Source records
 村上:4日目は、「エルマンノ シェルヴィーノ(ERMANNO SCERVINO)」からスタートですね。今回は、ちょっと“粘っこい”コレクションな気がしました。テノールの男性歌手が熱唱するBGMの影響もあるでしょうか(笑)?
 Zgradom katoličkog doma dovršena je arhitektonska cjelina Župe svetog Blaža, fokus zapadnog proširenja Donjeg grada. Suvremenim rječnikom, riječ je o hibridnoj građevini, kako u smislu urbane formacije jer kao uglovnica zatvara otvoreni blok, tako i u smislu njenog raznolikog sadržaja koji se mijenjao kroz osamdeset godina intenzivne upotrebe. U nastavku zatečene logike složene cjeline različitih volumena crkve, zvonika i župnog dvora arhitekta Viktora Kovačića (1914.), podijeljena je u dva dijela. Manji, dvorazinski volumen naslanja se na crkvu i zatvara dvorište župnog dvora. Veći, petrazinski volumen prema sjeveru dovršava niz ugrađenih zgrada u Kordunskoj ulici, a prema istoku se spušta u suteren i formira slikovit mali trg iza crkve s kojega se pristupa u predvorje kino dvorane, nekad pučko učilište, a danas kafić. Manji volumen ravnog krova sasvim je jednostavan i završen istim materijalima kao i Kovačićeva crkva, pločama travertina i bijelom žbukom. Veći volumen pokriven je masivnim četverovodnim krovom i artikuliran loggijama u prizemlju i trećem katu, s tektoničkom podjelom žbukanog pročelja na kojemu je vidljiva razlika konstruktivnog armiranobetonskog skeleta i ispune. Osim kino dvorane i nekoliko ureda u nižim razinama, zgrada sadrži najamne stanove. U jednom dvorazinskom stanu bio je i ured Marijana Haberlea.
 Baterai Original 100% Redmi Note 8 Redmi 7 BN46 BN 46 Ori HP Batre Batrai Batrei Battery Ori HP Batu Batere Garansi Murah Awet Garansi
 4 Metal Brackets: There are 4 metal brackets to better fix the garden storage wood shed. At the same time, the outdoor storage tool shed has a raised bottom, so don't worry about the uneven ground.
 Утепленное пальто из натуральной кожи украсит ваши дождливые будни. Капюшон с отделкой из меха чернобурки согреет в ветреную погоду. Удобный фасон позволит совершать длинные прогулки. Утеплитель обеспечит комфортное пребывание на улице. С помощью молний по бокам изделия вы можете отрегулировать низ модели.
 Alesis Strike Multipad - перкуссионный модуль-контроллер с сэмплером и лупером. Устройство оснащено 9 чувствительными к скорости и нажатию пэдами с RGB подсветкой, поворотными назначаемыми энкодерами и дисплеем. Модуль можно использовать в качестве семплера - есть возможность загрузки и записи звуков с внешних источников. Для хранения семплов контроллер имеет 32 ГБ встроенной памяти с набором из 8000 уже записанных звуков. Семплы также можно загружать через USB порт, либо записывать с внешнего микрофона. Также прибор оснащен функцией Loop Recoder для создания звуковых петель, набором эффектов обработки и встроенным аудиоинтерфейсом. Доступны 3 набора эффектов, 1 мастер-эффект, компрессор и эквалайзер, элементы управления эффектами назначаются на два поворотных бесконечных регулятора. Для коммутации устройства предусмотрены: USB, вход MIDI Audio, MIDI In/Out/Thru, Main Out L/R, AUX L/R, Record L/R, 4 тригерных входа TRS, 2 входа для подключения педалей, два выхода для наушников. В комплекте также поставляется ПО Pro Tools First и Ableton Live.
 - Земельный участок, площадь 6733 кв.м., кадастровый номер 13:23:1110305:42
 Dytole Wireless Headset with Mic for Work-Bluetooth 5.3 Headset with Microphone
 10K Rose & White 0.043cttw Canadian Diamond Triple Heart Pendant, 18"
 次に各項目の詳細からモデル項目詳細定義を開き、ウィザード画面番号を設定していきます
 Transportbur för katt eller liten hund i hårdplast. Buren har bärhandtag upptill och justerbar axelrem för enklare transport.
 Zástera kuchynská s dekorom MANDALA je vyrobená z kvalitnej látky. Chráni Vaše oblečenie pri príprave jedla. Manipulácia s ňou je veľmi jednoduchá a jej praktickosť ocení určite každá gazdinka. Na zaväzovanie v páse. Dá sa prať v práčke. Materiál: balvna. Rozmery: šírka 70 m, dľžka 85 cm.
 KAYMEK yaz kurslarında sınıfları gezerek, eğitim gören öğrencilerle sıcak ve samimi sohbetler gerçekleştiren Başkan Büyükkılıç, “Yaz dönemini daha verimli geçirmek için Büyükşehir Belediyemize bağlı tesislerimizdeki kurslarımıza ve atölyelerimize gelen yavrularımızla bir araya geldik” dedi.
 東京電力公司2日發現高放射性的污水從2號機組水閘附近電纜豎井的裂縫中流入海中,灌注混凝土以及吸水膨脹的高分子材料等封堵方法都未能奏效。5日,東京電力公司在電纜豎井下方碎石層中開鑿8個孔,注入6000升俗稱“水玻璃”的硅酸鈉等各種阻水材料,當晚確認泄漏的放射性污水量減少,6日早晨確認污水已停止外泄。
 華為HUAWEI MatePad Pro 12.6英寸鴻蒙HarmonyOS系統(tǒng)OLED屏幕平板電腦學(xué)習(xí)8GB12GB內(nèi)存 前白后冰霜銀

● **AIM OF THE TASK**: Reproduce each entry above exactly, keeping every character.

● **EXERCISE OUTPUT**:
 村上:4日目は、「エルマンノ シェルヴィーノ(ERMANNO SCERVINO)」からスタートですね。今回は、ちょっと“粘っこい”コレクションな気がしました。テノールの男性歌手が熱唱するBGMの影響もあるでしょうか(笑)?
 Zgradom katoličkog doma dovršena je arhitektonska cjelina Župe svetog Blaža, fokus zapadnog proširenja Donjeg grada. Suvremenim rječnikom, riječ je o hibridnoj građevini, kako u smislu urbane formacije jer kao uglovnica zatvara otvoreni blok, tako i u smislu njenog raznolikog sadržaja koji se mijenjao kroz osamdeset godina intenzivne upotrebe. U nastavku zatečene logike složene cjeline različitih volumena crkve, zvonika i župnog dvora arhitekta Viktora Kovačića (1914.), podijeljena je u dva dijela. Manji, dvorazinski volumen naslanja se na crkvu i zatvara dvorište župnog dvora. Veći, petrazinski volumen prema sjeveru dovršava niz ugrađenih zgrada u Kordunskoj ulici, a prema istoku se spušta u suteren i formira slikovit mali trg iza crkve s kojega se pristupa u predvorje kino dvorane, nekad pučko učilište, a danas kafić. Manji volumen ravnog krova sasvim je jednostavan i završen istim materijalima kao i Kovačićeva crkva, pločama travertina i bijelom žbukom. Veći volumen pokriven je masivnim četverovodnim krovom i artikuliran loggijama u prizemlju i trećem katu, s tektoničkom podjelom žbukanog pročelja na kojemu je vidljiva razlika konstruktivnog armiranobetonskog skeleta i ispune. Osim kino dvorane i nekoliko ureda u nižim razinama, zgrada sadrži najamne stanove. U jednom dvorazinskom stanu bio je i ured Marijana Haberlea.
 Baterai Original 100% Redmi Note 8 Redmi 7 BN46 BN 46 Ori HP Batre Batrai Batrei Battery Ori HP Batu Batere Garansi Murah Awet Garansi
 4 Metal Brackets: There are 4 metal brackets to better fix the garden storage wood shed. At the same time, the outdoor storage tool shed has a raised bottom, so don't worry about the uneven ground.
 Утепленное пальто из натуральной кожи украсит ваши дождливые будни. Капюшон с отделкой из меха чернобурки согреет в ветреную погоду. Удобный фасон позволит совершать длинные прогулки. Утеплитель обеспечит комфортное пребывание на улице. С помощью молний по бокам изделия вы можете отрегулировать низ модели.
 Alesis Strike Multipad - перкуссионный модуль-контроллер с сэмплером и лупером. Устройство оснащено 9 чувствительными к скорости и нажатию пэдами с RGB подсветкой, поворотными назначаемыми энкодерами и дисплеем. Модуль можно использовать в качестве семплера - есть возможность загрузки и записи звуков с внешних источников. Для хранения семплов контроллер имеет 32 ГБ встроенной памяти с набором из 8000 уже записанных звуков. Семплы также можно загружать через USB порт, либо записывать с внешнего микрофона. Также прибор оснащен функцией Loop Recoder для создания звуковых петель, набором эффектов обработки и встроенным аудиоинтерфейсом. Доступны 3 набора эффектов, 1 мастер-эффект, компрессор и эквалайзер, элементы управления эффектами назначаются на два поворотных бесконечных регулятора. Для коммутации устройства предусмотрены: USB, вход MIDI Audio, MIDI In/Out/Thru, Main Out L/R, AUX L/R, Record L/R, 4 тригерных входа TRS, 2 входа для подключения педалей, два выхода для наушников. В комплекте также поставляется ПО Pro Tools First и Ableton Live.
 - Земельный участок, площадь 6733 кв.м., кадастровый номер 13:23:1110305:42
 Dytole Wireless Headset with Mic for Work-Bluetooth 5.3 Headset with Microphone
 10K Rose & White 0.043cttw Canadian Diamond Triple Heart Pendant, 18"
 次に各項目の詳細からモデル項目詳細定義を開き、ウィザード画面番号を設定していきます
 Transportbur för katt eller liten hund i hårdplast. Buren har bärhandtag upptill och justerbar axelrem för enklare transport.
 Zástera kuchynská s dekorom MANDALA je vyrobená z kvalitnej látky. Chráni Vaše oblečenie pri príprave jedla. Manipulácia s ňou je veľmi jednoduchá a jej praktickosť ocení určite každá gazdinka. Na zaväzovanie v páse. Dá sa prať v práčke. Materiál: balvna. Rozmery: šírka 70 m, dľžka 85 cm.
 KAYMEK yaz kurslarında sınıfları gezerek, eğitim gören öğrencilerle sıcak ve samimi sohbetler gerçekleştiren Başkan Büyükkılıç, “Yaz dönemini daha verimli geçirmek için Büyükşehir Belediyemize bağlı tesislerimizdeki kurslarımıza ve atölyelerimize gelen yavrularımızla bir araya geldik” dedi.
 東京電力公司2日發現高放射性的污水從2號機組水閘附近電纜豎井的裂縫中流入海中,灌注混凝土以及吸水膨脹的高分子材料等封堵方法都未能奏效。5日,東京電力公司在電纜豎井下方碎石層中開鑿8個孔,注入6000升俗稱“水玻璃”的硅酸鈉等各種阻水材料,當晚確認泄漏的放射性污水量減少,6日早晨確認污水已停止外泄。
 華為HUAWEI MatePad Pro 12.6英寸鴻蒙HarmonyOS系統(tǒng)OLED屏幕平板電腦學(xué)習(xí)8GB12GB內(nèi)存 前白后冰霜銀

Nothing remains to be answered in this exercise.